Telephone customers encountered telephone problems on October 19. Calls from SFR to Orange and Sosh lines were unsuccessful and gave the impression that the number had not been assigned. It is now resolved.
Things are back to normal between Orange and SFR. Telephone calls, which were unable to pass from one operator to another on the morning of Tuesday, October 19, are again possible. This is what the incumbent operator said in a message posted on Twitter at the start of the afternoon. However, some mobile users could still have occasional problems.
“The incident that disrupted certain communications is over. Traffic has returned to normal and we remain vigilant. Orange renews its apologies to customers who have been impacted,” wrote Orange. An hour earlier, the company, after admitting the existence of a concern, indicated on the same Twitter account that its teams were on hand to restore calls from SFR to Orange.
Numerama was able to directly observe the restoration of the service with the editorial staff's own numbers. A colleague with a mobile number at SFR made a phone call to two numbers, one at Orange, the other at Sosh (which is the low-cost subsidiary of the incumbent operator), without worry. This morning, it was not possible: we had received a message stating that the numbers were not allocated.
It was in the middle of the morning that social networks began to buzz with rumors about difficulties in routing calls between SFR and Orange. Several messages on Twitter bear witness to this. A similar observation could be made at Humanoid, the company that publishes Numerama. However, the problem was relatively contained: not all operators were affected.
“Who has Orange for mobile calls? A priori a breakdown, many subscribers are no longer reachable: 'the requested number is no longer assigned'”, testified Elsa on Twitter. She specified that she had contacted customer service, which had at that time confirmed to her a “general breakdown” being processed. In response to his message, other Internet users had reported a similar concern.
On DownDetector, a site dedicated to listing outages, a peak of reports concerning Orange began to emerge shortly after 10 a.m. and then peaked around 11:30 a.m. A decrease was then observed. In all, hundreds of notifications were sent to the platform. A similar observation could be made for the pages dedicated to SFR and Sosh.
The problem affected both landlines and mobile numbers. More specifically, it arose during calls from SFR and, more rarely, during calls from landlines to Orange mobile lines. A collaborator at Humanoid had been able to join the assistance of Sosh and obtain additional explanations on the nature of the problem.

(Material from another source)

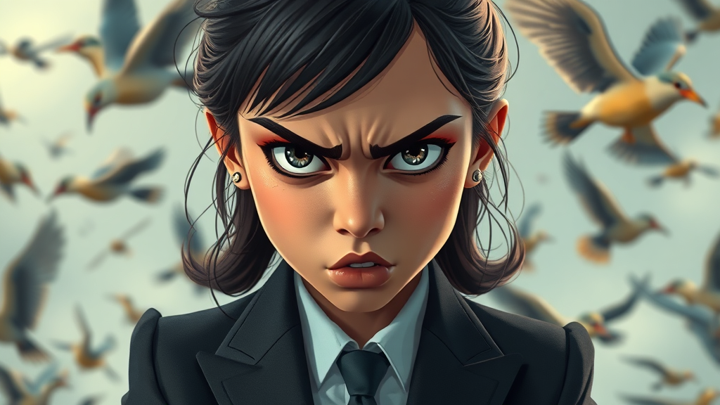 A young girl in a sharply tailored business suit with an intensely angry expression, rendered in the style of Unreal Engine 5 with cartoonish caricature elements, possessing a striking beauty that's almost unbelievable, blended with animated gif aesthetics. As if part of a living scene, set against a backdrop of intricately detailed, life-like avian illustrations, capturing the vivid essence of birds in motion. The close-up reveals a softness around her eyes, contrasting with her fierce expression, set within a dreamy, romantic atmosphere where tensions play out in delicate nuances. The scene is elongated in a panoramic 35:64 ratio with an artistic flair of 750 for enhanced stylization, version 6.

“It is following portability, SFR blocks calls received from its lines to your number”, was it explained. Relaunched to find out if it only affected SFR, the interlocutor confirmed: “It is a blockage during portability, at the level of the inter-operator cell.” On social networks, Orange began to communicate about the incident, via an account dedicated to after-sales service, before reporting it more widely via its main account.
Portability refers to a mechanism that allows you to keep your mobile phone number when changing operator. It is a procedure which is now well anchored in the landscape of mobile telephony in France and which avoids having to renew its 06 (or 07) as soon as one wants to play the competition. Without portability, the market would be frozen. Or hellish.